# Can't get past the 137 limit!



## astrose00 (Aug 20, 2003)

I downloaded the MFStools from the Weaknees interactive upgrade link. I replaced my 80 and 120GB hard drives in my AT&T model (starting with 130) with 2 200GB hard drives. I have software version 7.2 something. I thought this would eliminate the 137 limit for my unit but it did not. What did I do wrong? I was actually following a blend of Weaknees and Hinsdale. I upgraded the drives by creating a boot floppy and connect all 4 drives to the available connectors. I had the Old A drive on Primary master, the old B drive on Primary slave, the new A drive on Secondary Master and the new B drive on secondary slave. I opted to save all my recordings. I noticed at the end of the process, I was getting a bunch of errors which indicated that it was my old A drive that was failing. I didn't bother to check since I was replacing both. Luckily the restore completed anyway and I kept all my recordings. But the problem is that although I put in two 200GBs I only have 339 hours of recording time. That is consistent with the 137GB per drive limit. How did this happen? I used the LBA48... mfstools AND I have software version 7.2.

Can someone tell me what went wrong and how I can go back and recover this unused space? I have seen some posts that talk about copkern, etc. but I don't know how to get it or use it.

Thanks.


----------



## funtoupgrade (Mar 15, 2005)

As far as I know the weaknees download is not LBA48 - you need to download that from PTVUpgrade and start over. Copykern only necessary on series ones.


----------



## astrose00 (Aug 20, 2003)

Oh, I thought it had the LBA48 kernel. Ah well. Is the free download from PTVupgrade sufficient or shoudl I pay the 5 bucks for the other download. I just want to be up and running quickly with as much space as possible.

Thanks a bunch.


----------



## JamieP (Aug 3, 2004)

funtoupgrade said:


> As far as I know the weaknees download is not LBA48 - you need to download that from PTVUpgrade and start over. Copykern only necessary on series ones.


It the original poster followed the weaknees instructions, they would have downloaded this iso, which is lba48 aware.

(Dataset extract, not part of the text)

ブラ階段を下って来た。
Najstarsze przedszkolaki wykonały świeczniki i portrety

339 hours hours does not sounds like 137GB+137GB to me. More like 200+120. My guess is that the OP ran out of partitions on one or the other disk, or overall, and it can't expand to fill one of the disks. "pdisk -l" output from both disks would should us what's happening.


----------



## mick66 (Oct 15, 2004)

JamieP said:


> I
> 339 hours hours does not sounds like 137GB+137GB to me.

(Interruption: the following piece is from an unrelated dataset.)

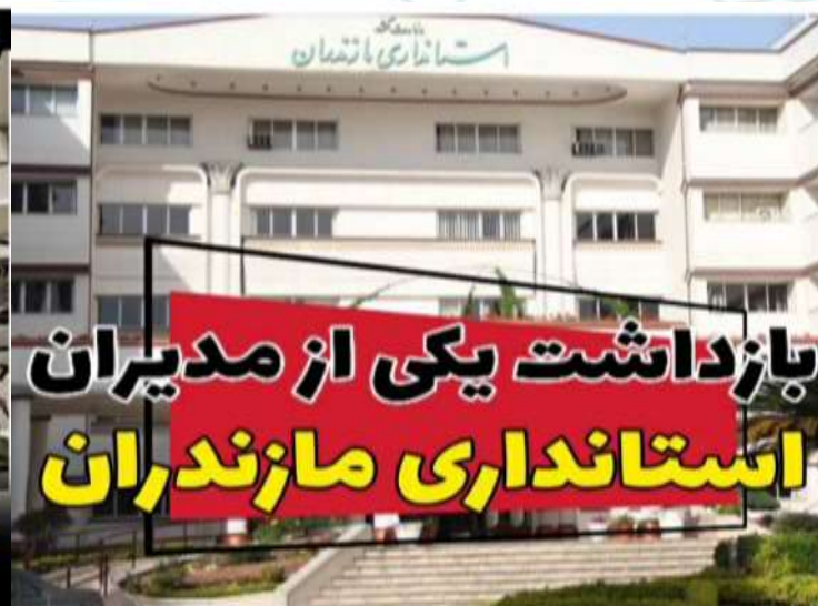
بازداشت یکی از مدیران استانداردی مازندران

339 sounds about right. I know a 250GB HD provides about 311 hours, so getting 28 more hours from 24 more GBs is accurate.


----------



## JamieP (Aug 3, 2004)

mick66 said:


> 339 sounds about right. I know a 250GB HD provides about 311 hours, so getting 28 more hours from 24 more GBs is accurate.


Guess you are right. I stand corrected. Certainly it's worthwhile verifying that the iso used is lba48 aware. A pdisk listing from each disk would provide the most information.


----------



## astrose00 (Aug 20, 2003)

I think I agree that it's not the 137 limit. But instead of 200 + 120, I think it's more like 200 and 80. I have another Tivo which has a 160 and a 250 and that is about 467 hours with software version 7.2.

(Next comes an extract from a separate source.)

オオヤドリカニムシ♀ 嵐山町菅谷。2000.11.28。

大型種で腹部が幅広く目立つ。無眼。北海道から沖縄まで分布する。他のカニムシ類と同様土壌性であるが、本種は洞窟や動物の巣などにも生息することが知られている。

Either way, from what I've read it sounds like a partition issue. I am going to transfer the recordings I want to keep (there aren't that many) to my other Tivo and then redo the upgrade WITHOUT saving recordings. I believe someone said that this would eliminate this issue. Do you all agree? Do I need to do anything special? The mfstools I am using is supposed to be LBA48 kernel enabled and I have software version 7.2 anyway.

I would appreciate any additional insight you can give me.

Thanks!


----------



## JamieP (Aug 3, 2004)

astrose00 said:


> ... I believe someone said that this would eliminate this issue. Do you all agree?


Yes.


> Do I need to do anything special? !


There is a rule of thumb that you should have 1MB of swap for every 2GB of disk, so with 320GB of disk space, you'd want 160MB of swap. That's bigger than mfstools 2.0 can properly initialize, so it needs to be initialized with tpip instead. This post explains how to use tpip to do that. This post explains how to check to see if it worked.

Honestly, the swap issue will only come up if you ever run into a green screen of death (GSOD). The theory is that the fsfix program used to repair the disk in this case needs the extra swap space. I'm not sure anyone has ever verified that on a series2. Some argue that if you get a GSOD, your disk is probably about to fail anyway. They argue that the risk of screwing up the process of getting a large swap is high enough that an unexperienced tivo upgrader is better off just sticking with 127MB of swap (the max that mfstools 2.0 can initialize properly). I can't fault that argument, but IMHO, it's better to have the large swap as long as you initialize it right.


----------



## astrose00 (Aug 20, 2003)

Thanks for the help, JamieP. I actually have 2 200GB drives to put in. I that means I would change the -s 127 to -s 200, right? I will take a look at the tpip link you mentioned to learn how to do it properly.

Thanks again.


----------



## JamieP (Aug 3, 2004)

astrose00 said:


> Thanks for the help, JamieP. I actually have 2 200GB drives to put in. I that means I would change the -s 127 to -s 200, right? I will take a look at the tpip link you mentioned to learn how to do it properly.
> 
> Thanks again.


Right.


----------



## astrose00 (Aug 20, 2003)

JamieP said:


> Right.


I tried using the tpip and it says tpip is not known or recognized. I am using the mfs2tools floppy. What went wrong?


----------